**What is expected**
Beneath this line sits some data. Return only its lines from the one holding "Unit comes with" through the one holding "Two Slender Girls", inclusive, exactly, with the images removed.

**Dataset extract**

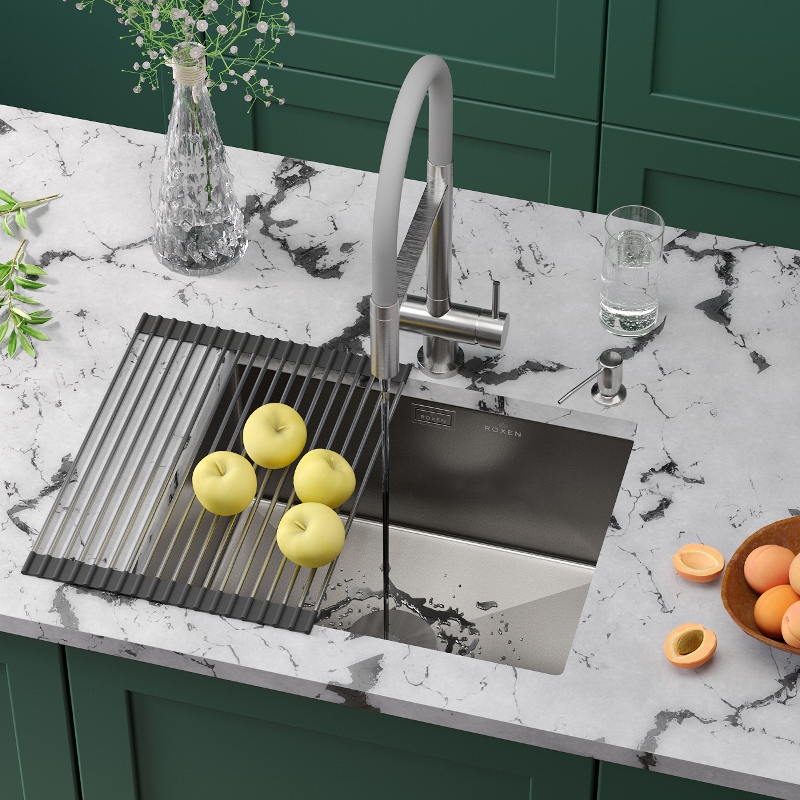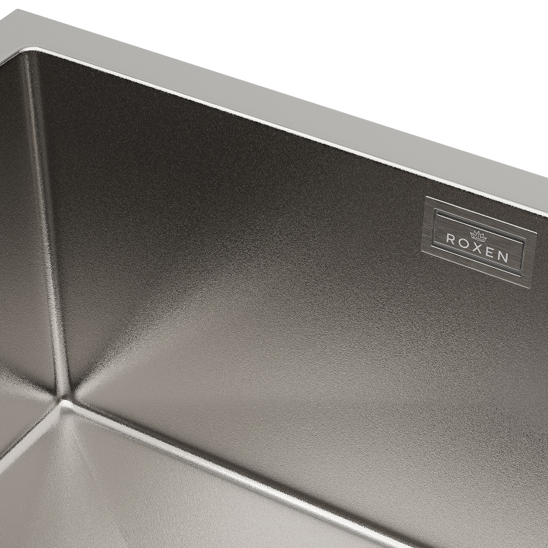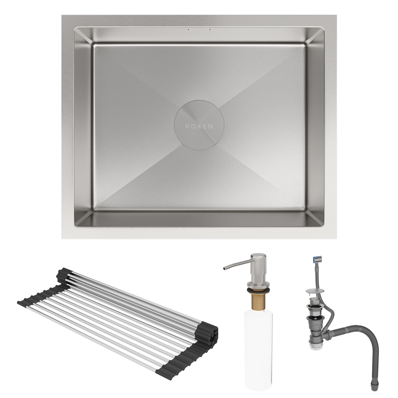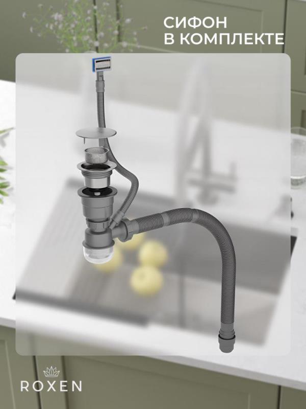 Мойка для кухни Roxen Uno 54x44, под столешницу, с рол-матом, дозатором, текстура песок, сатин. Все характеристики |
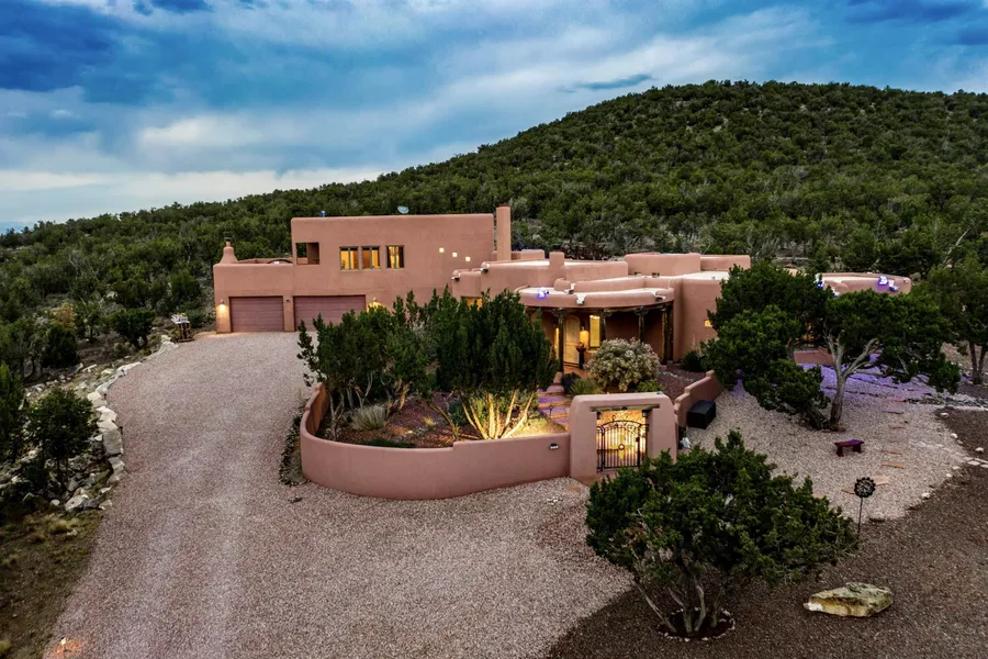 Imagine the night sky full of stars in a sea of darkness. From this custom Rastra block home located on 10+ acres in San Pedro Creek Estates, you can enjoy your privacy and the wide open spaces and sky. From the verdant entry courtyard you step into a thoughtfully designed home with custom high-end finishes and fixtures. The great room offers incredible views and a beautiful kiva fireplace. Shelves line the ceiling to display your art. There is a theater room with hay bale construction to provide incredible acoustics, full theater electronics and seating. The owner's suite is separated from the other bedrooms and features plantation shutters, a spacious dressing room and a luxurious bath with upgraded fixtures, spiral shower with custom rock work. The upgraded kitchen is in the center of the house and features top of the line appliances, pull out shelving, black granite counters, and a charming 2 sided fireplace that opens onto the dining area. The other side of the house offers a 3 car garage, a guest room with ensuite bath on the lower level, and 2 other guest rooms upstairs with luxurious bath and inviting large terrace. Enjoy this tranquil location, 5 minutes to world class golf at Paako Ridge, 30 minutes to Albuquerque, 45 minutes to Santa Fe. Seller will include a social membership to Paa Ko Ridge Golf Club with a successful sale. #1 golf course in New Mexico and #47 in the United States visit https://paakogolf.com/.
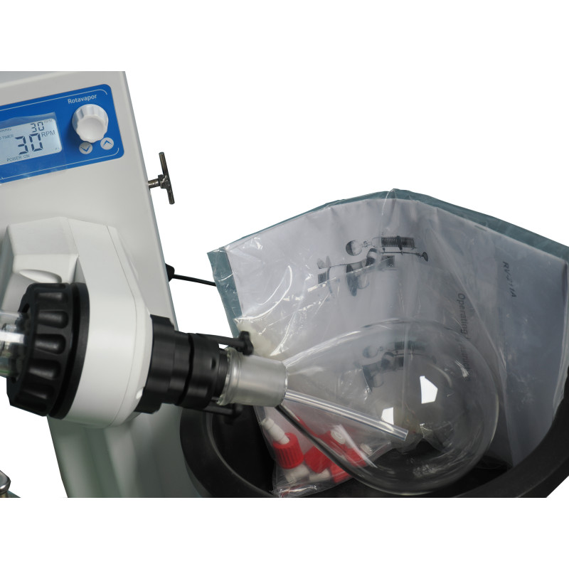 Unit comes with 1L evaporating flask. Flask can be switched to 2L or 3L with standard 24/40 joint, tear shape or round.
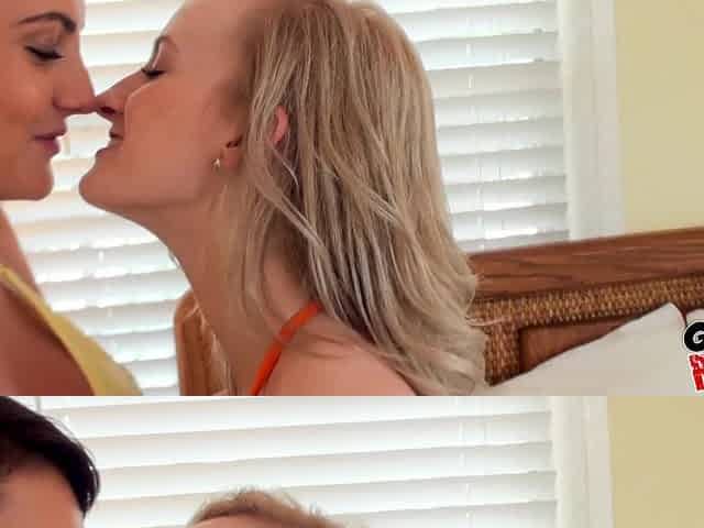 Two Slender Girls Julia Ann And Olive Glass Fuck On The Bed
--
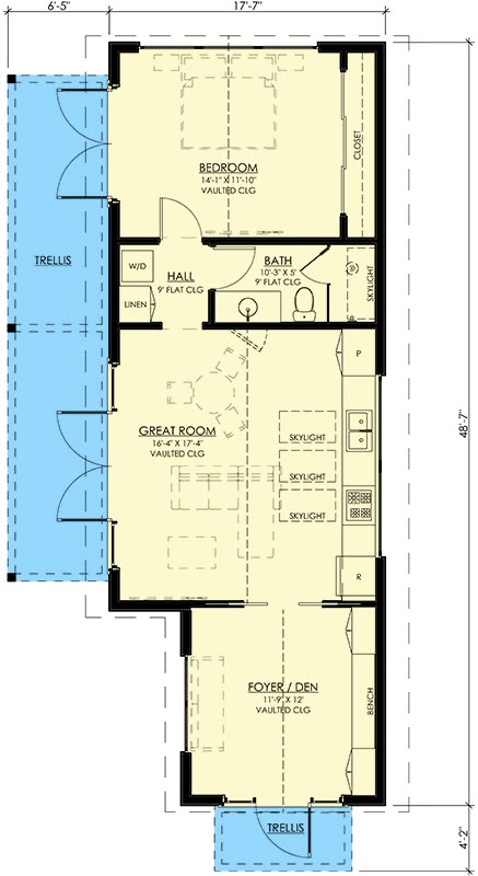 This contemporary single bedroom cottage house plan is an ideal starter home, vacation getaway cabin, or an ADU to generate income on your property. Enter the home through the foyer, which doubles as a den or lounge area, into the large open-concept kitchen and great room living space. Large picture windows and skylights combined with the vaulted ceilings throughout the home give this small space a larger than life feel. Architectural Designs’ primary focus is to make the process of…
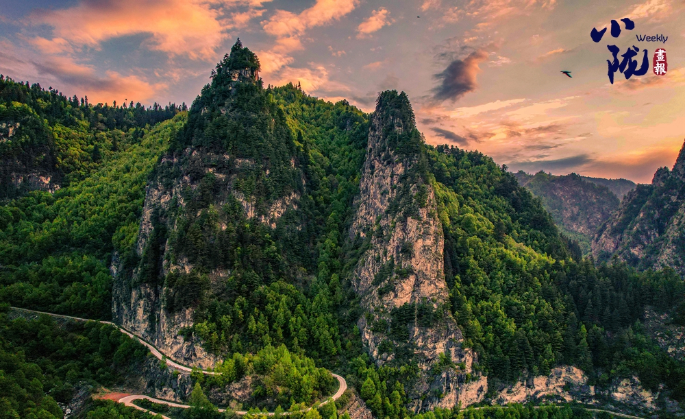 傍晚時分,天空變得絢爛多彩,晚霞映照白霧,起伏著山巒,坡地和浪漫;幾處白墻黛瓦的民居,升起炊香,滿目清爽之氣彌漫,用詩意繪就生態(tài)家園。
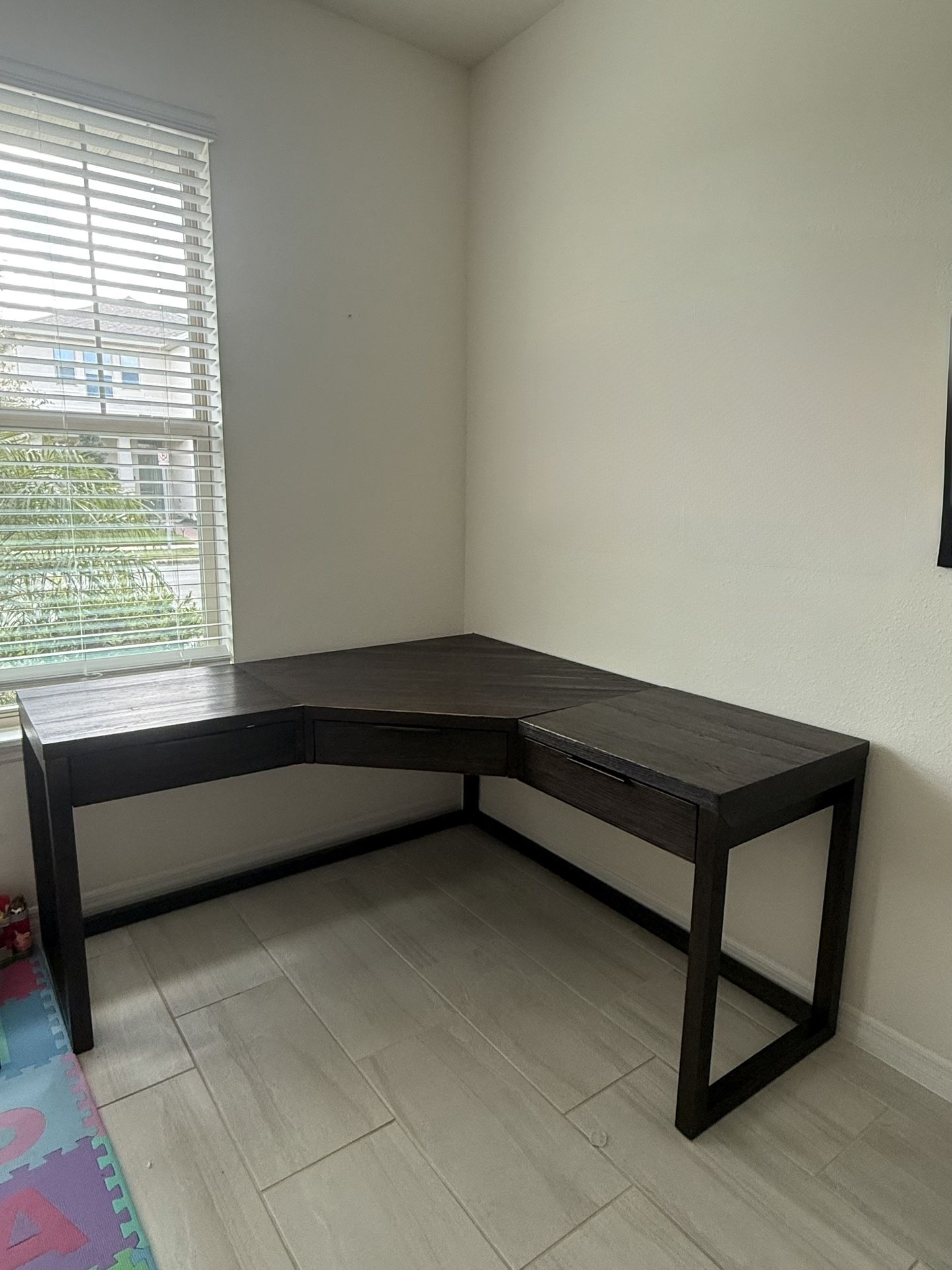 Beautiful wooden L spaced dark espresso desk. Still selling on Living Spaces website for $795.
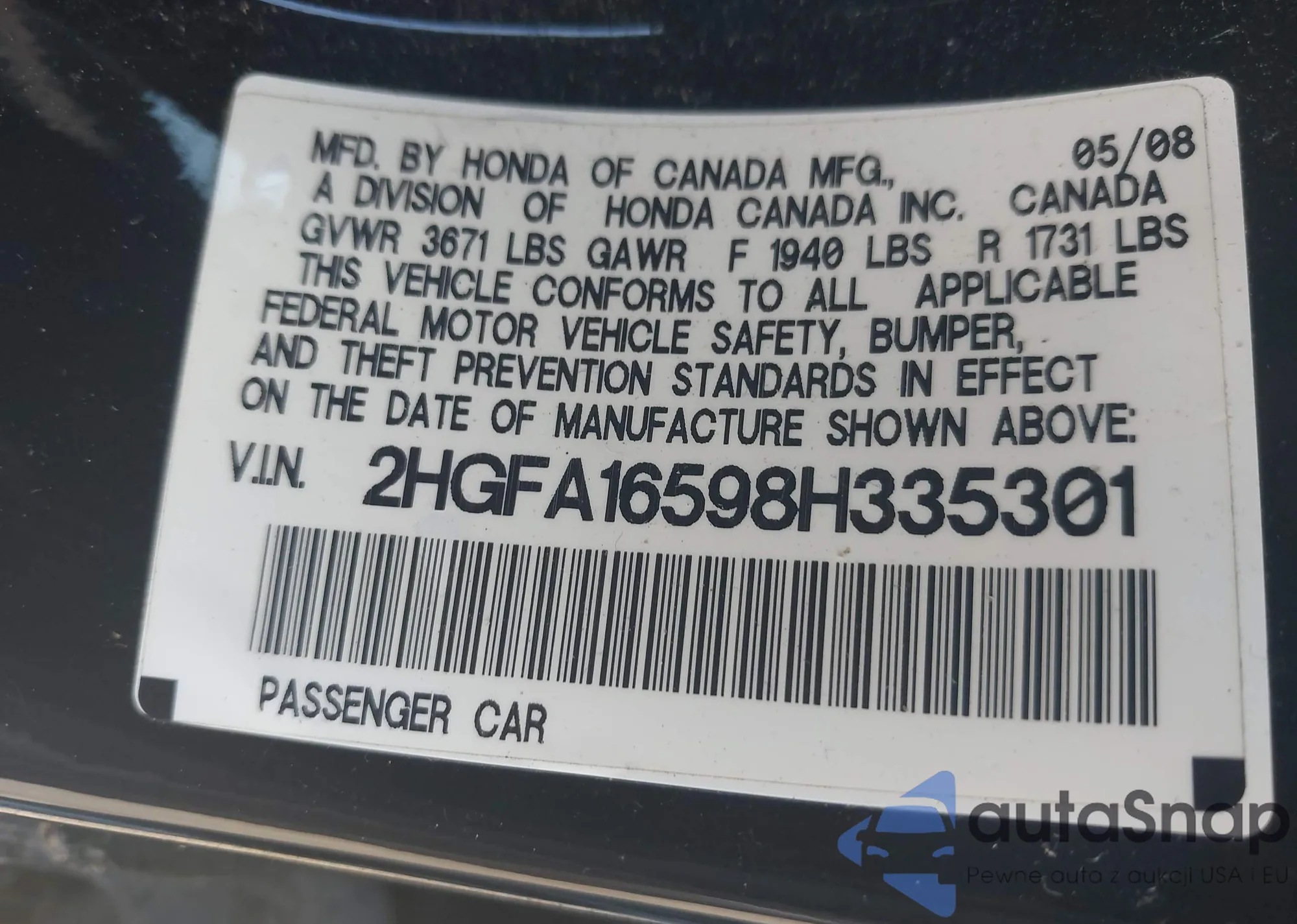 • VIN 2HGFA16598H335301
==
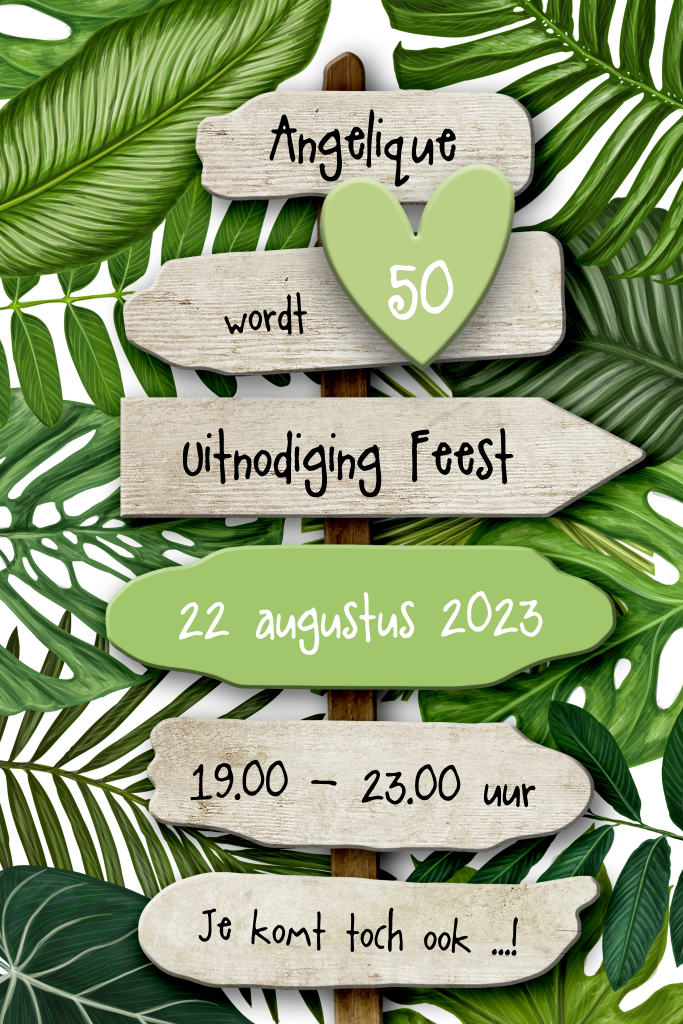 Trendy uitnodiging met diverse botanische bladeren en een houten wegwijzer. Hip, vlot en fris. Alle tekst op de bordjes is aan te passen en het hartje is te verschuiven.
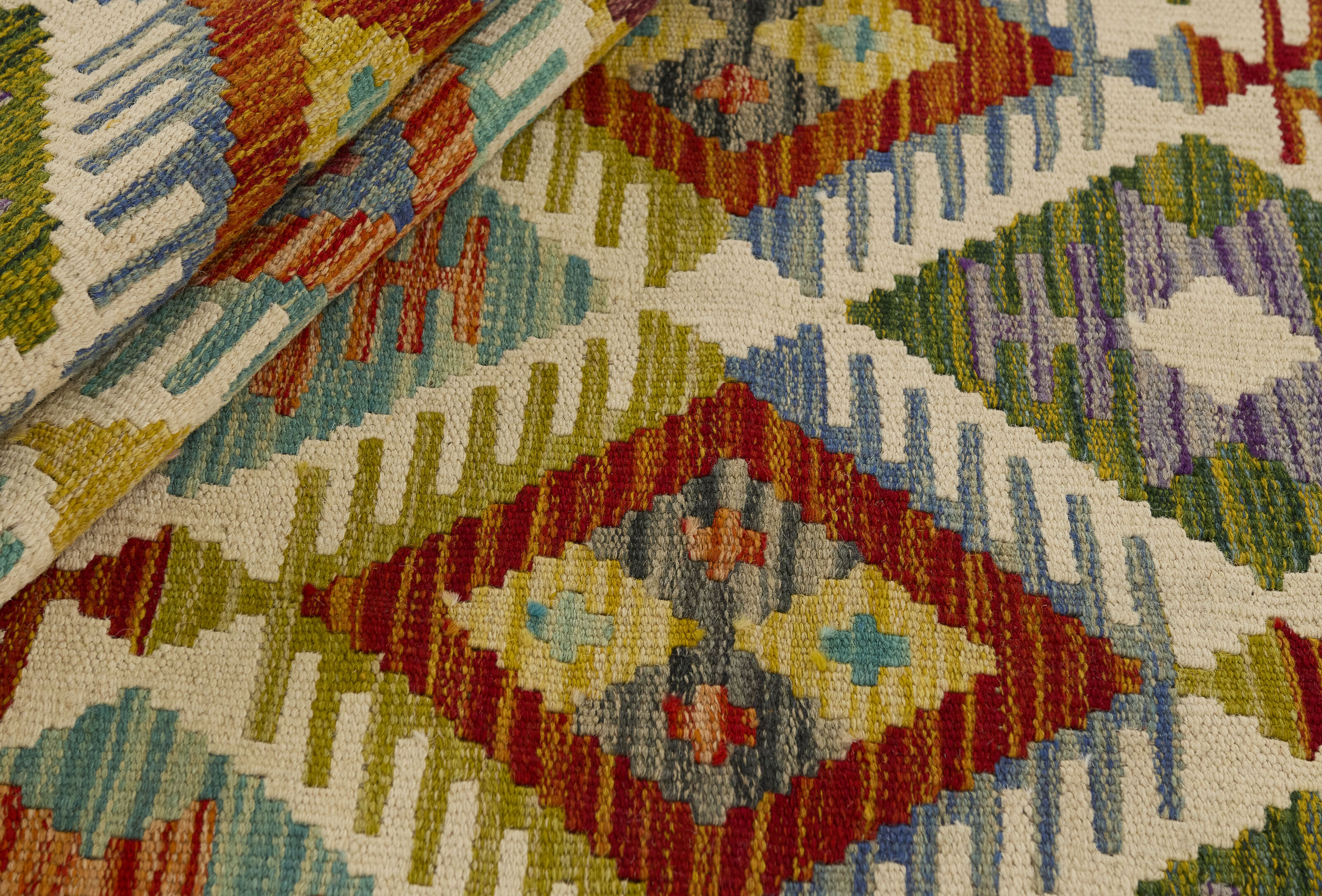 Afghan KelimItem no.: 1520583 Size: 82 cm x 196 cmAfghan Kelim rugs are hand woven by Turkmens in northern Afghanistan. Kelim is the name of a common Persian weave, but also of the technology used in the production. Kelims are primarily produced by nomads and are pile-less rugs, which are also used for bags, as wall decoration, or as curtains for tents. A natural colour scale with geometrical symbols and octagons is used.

**Result of this task**
 Unit comes with 1L evaporating flask. Flask can be switched to 2L or 3L with standard 24/40 joint, tear shape or round.
 Two Slender Girls Julia Ann And Olive Glass Fuck On The Bed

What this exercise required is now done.